Opinion
Court of Appeals No. A-7890.
March 7, 2007.
Appeal from the Superior Court, Third Judicial District, Anchorage, Michael L. Wolverton, Judge, Trial Court No. 3AN-S99-409 CR.
Phillip Weidner and A. Cristina Weidner Tafs, Weidner Associates, Inc., Anchorage, for the Appellant.
Ben M. Herren and Timothy W. Terrell, Assistant Attorneys General, Office of Special Prosecutions and Appeals, Anchorage, and Bruce M. Bothelo and David W. Márquez, Attorneys General, Juneau, for the Appellee.
Before: Coats, Chief Judge, and Mannheimer and Stewart, Judges.
MEMORANDUM OPINION AND JUDGMENT
In an earlier decision in this case, Michael v. State, the Alaska Supreme Court directed us to apply a de novo standard of review to the superior court's legal conclusion that under the facts of the case, Peter Ramon Michael had not proven statutory mitigating factor AS 12.55.155(d)(9) (now renumbered as AS 12.55.155(d)(8)). This factor requires Michael to prove that his conduct constituting the offense was among the least serious within the definition of his offense, first-degree sexual assault.

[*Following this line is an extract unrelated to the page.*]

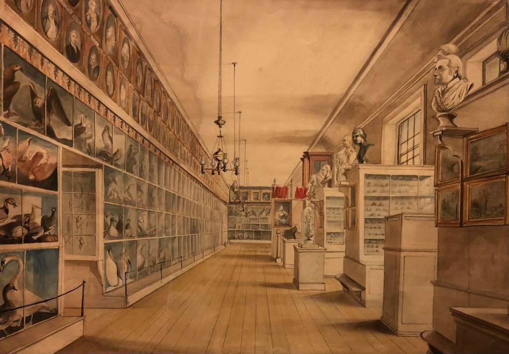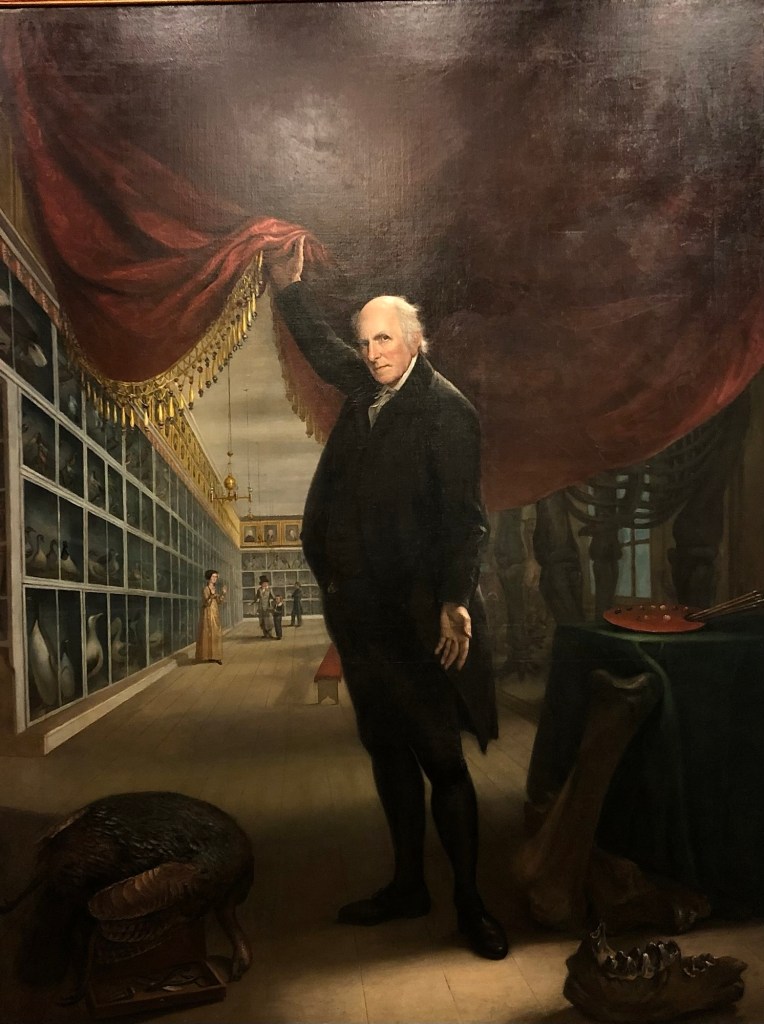With the dawn of the Enlightenment, the focus on reason changed these artistic jumbles to more ordered scientific collections. In 1784 the early American artist Charles Willson Peale opened his museum in Philadelphia, displaying his collection of portraits of important Americans. Within 2 years he’d added natural history displays, as well as a physiognotrace machine used to draw souvenir portraits.

115 P.3d 517 (Alaska 2005).
Id. at 519.
AS 11.41.410(a)(1).
Applying de novo review to the given set of facts discussed by the supreme court in its order, we conclude that Michael's conduct was among the least serious within the definition of the offense. Accordingly, we remand the case to the superior court for reconsideration of Michael's sentence in light of our conclusion that Michael has proven mitigating factor (d)(9).
Background of the case
A jury convicted Michael of one count of first-degree sexual assault and one count of second-degree sexual assault. Michael is a first felony offender, and under the sentencing law in effect at the time of his offense, the presumptive sentence for first-degree sexual assault was 8 years' imprisonment.
AS 11.41.420(a)(1).
Former AS 12.55.125(i)(1).
On appeal, Michael argued that the superior court erred when it rejected mitigating factor (d)(9) because Michael digitally penetrated his victim only slightly and for only a short time, and because he did not cause his victim any significant physical injury. He contended that his conduct was "more appropriately categorized as a clumsy attempt at foreplay."
See Michael v. State, Alaska App. Memorandum Opinion and Judgment No. 4615 (Sept. 4, 2002), 2002 WL 2015287.

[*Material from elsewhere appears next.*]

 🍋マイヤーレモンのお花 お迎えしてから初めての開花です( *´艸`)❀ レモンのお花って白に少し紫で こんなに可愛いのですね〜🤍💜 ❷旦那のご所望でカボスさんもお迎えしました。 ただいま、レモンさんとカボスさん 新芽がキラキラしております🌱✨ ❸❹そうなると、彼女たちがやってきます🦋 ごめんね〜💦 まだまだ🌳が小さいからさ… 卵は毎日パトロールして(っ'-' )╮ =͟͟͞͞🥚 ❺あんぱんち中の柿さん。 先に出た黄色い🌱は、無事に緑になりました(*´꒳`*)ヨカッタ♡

When Superior Court Judge Michael L. Wolverton rejected this proposed mitigating factor, his comments were terse, but he specifically discussed two factors that struck him as significant: that Michael committed the first-degree sexual assault through a breach of trust (Michael's daughter was the best friend of the victim, L.R., and Michael was a father figure to the victim) and that Michael was so much older than the victim (Michael was 51; his victim was 18).
Applying the clearly erroneous standard of review, we upheld the superior court's rejection of the least serious mitigating factor.
See id. at 13, 2002 WL 2015287 at *6.
The supreme court described Michael's conduct and offense as follows:
L.R. . . . was a close friend of Michael's daughter. The night before she left Anchorage for college, L.R. and Michael's daughter got together with some friends, where L.R. drank some alcohol. The two returned to the Michael house early in the morning of August 16, 1998. L.R. went to bed in a downstairs guestroom. Before she fell asleep, Michael got into the bed with her. He then reached under her shirt and touched her breasts. L.R. said no and "nudg[ed] him away," but Michael persisted. He then pulled down L.R.'s shorts and underwear and penetrated her with his fingers. The penetration lasted, according to L.R.'s testimony, "[t]en seconds, five seconds," and involved "[o]ne, maybe two" fingers. L.R. continued to tell Michael to stop and elbowed him. He stopped the penetration, but returned to touching her breasts. L.R. continued to protest and then "nudged him pretty hard with [her] elbow." Michael then stopped, kissed her on the cheek again, apologized, and left. There was no allegation that physical force was used.
Michael, 115 P.3d at 518.
The supreme court also noted the superior court's findings that Michael was a veteran with a steady employment record, had no previous criminal history, and had excellent prospects for rehabilitation. The supreme court apparently concluded that the relationship of trust between Michael and his victim and the age difference were outweighed by favorable factors.
Id.
Id. at 521.
Given these facts, we conclude that Michael has sustained his burden of proof on the least serious mitigating factor. Accordingly, we vacate Michael's sentence on first-degree sexual assault and remand the case to the superior court for resentencing. We do not retain jurisdiction.
Conclusion
Michael's sentence for first-degree sexual assault is VACATED. The superior court shall resentence Michael for this offense.